Everything in the listing below needs restating exactly, apart from the pictures.

→ **DATA**:
◇ ◇ ◇ ◇ ◇ ◇ ◇

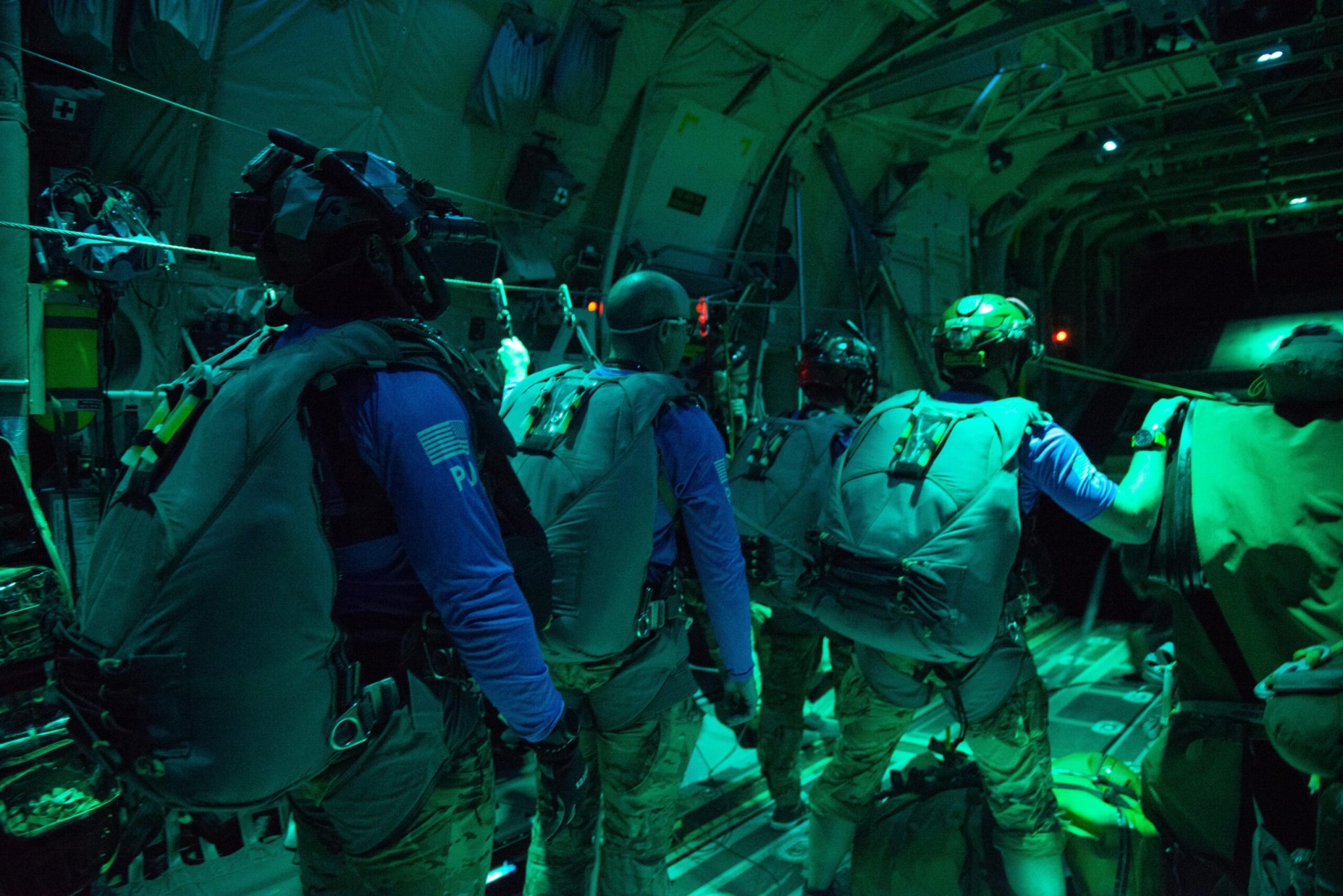 Though HC-130s are primarily used as tankers to refuel HH-60 rescue helicopters, their crews train regularly to support long-distance jump missions. Pictures and video of the mission released by the Guard show the PJs filled much of the HC-130s cargo bay with parachutes, medical and ocean survival gear, and two specially packaged rubber boats that PJs developed in the 1980s for mid-ocean rescue missions. The boats are dropped by parachute and, once in the water, PJs inflate them using a scuba tank.
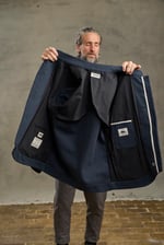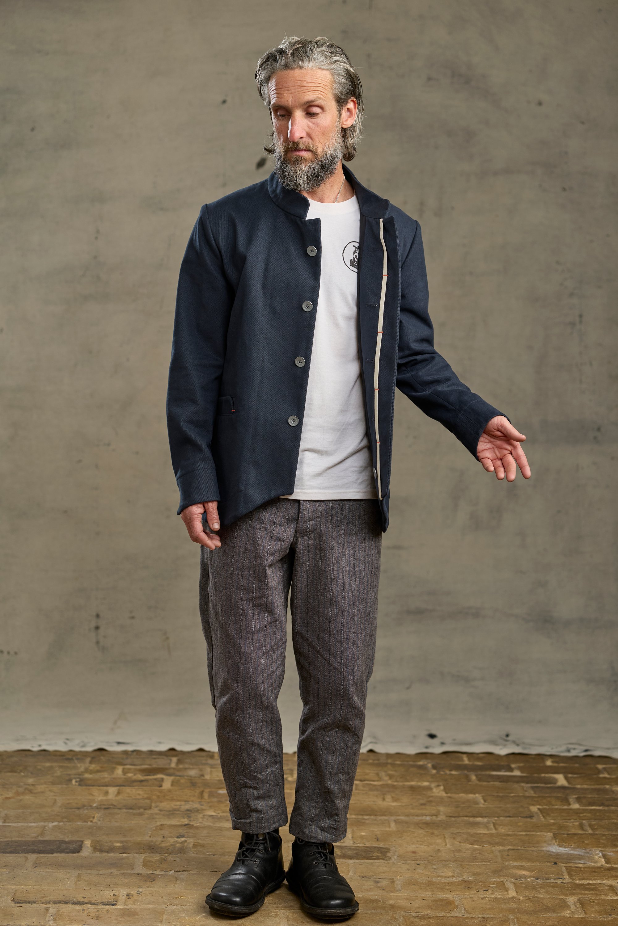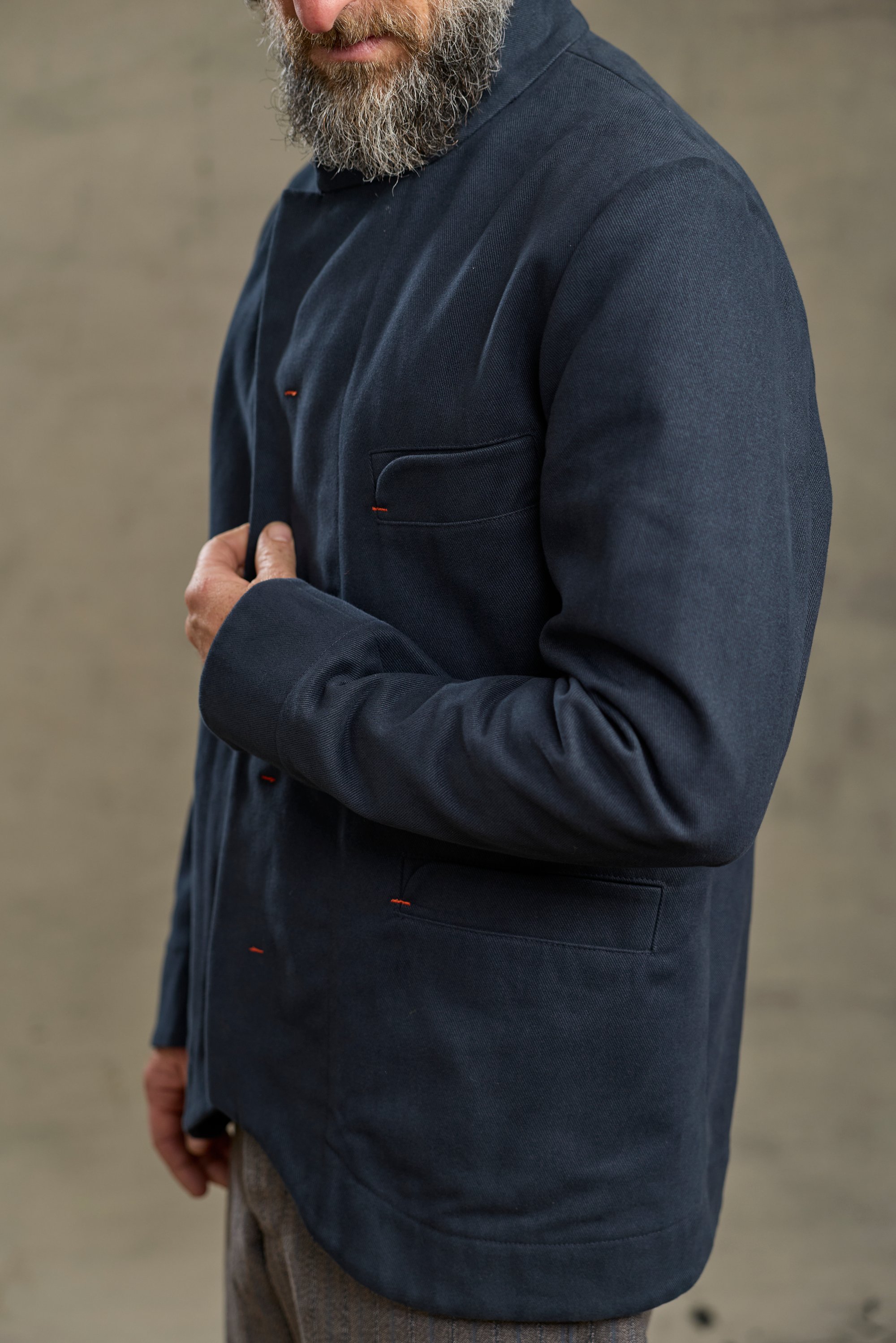 Cloth - Made in Keats Navy and Black Thick heavy woven 400 g twill, intended for hardwearing but with a sueded surface for a soft supple appearance. Twill is a type of textile weave with a pattern of diagonal parallel ribs. Because of this structure, twill generally drapes well and the garments falls elegant and smooth.
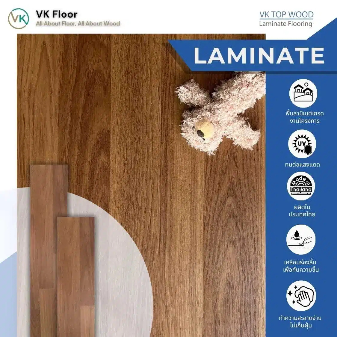 พื้นลามิเนตรุ่น VK Top Wood เป็นพื้นไม้ลามิเนตคุณภาพสูง ที่ผลิตในประเทศไทย โดยได้รับการออกแบบและพัฒนามาเพื่อตอบโจทย์การใช้งานในหลากหลายรูปแบบ ตั้งแต่งานโครงการขนาดใหญ่ งานตกแต่งภายในบ้าน และพื้นที่สาธารณะที่ต้องการความทนทานเป็นพิเศษ ด้วยเทคโนโลยีการผลิตที่ทันสมัยและการควบคุมคุณภาพอย่างเข้มงวด พื้นไม้ลามิเนตรุ่นนี้จึงสามารถตอบสนองความต้องการทั้งในด้านความสวยงามและความแข็งแรงได้อย่างลงตัว

◇ ◇ ◇ ◇ ◇ ◇ ◇

→ **SOLUTION FOR THIS TASK**:
 Though HC-130s are primarily used as tankers to refuel HH-60 rescue helicopters, their crews train regularly to support long-distance jump missions. Pictures and video of the mission released by the Guard show the PJs filled much of the HC-130s cargo bay with parachutes, medical and ocean survival gear, and two specially packaged rubber boats that PJs developed in the 1980s for mid-ocean rescue missions. The boats are dropped by parachute and, once in the water, PJs inflate them using a scuba tank.
 Cloth - Made in Keats Navy and Black Thick heavy woven 400 g twill, intended for hardwearing but with a sueded surface for a soft supple appearance. Twill is a type of textile weave with a pattern of diagonal parallel ribs. Because of this structure, twill generally drapes well and the garments falls elegant and smooth.
 พื้นลามิเนตรุ่น VK Top Wood เป็นพื้นไม้ลามิเนตคุณภาพสูง ที่ผลิตในประเทศไทย โดยได้รับการออกแบบและพัฒนามาเพื่อตอบโจทย์การใช้งานในหลากหลายรูปแบบ ตั้งแต่งานโครงการขนาดใหญ่ งานตกแต่งภายในบ้าน และพื้นที่สาธารณะที่ต้องการความทนทานเป็นพิเศษ ด้วยเทคโนโลยีการผลิตที่ทันสมัยและการควบคุมคุณภาพอย่างเข้มงวด พื้นไม้ลามิเนตรุ่นนี้จึงสามารถตอบสนองความต้องการทั้งในด้านความสวยงามและความแข็งแรงได้อย่างลงตัว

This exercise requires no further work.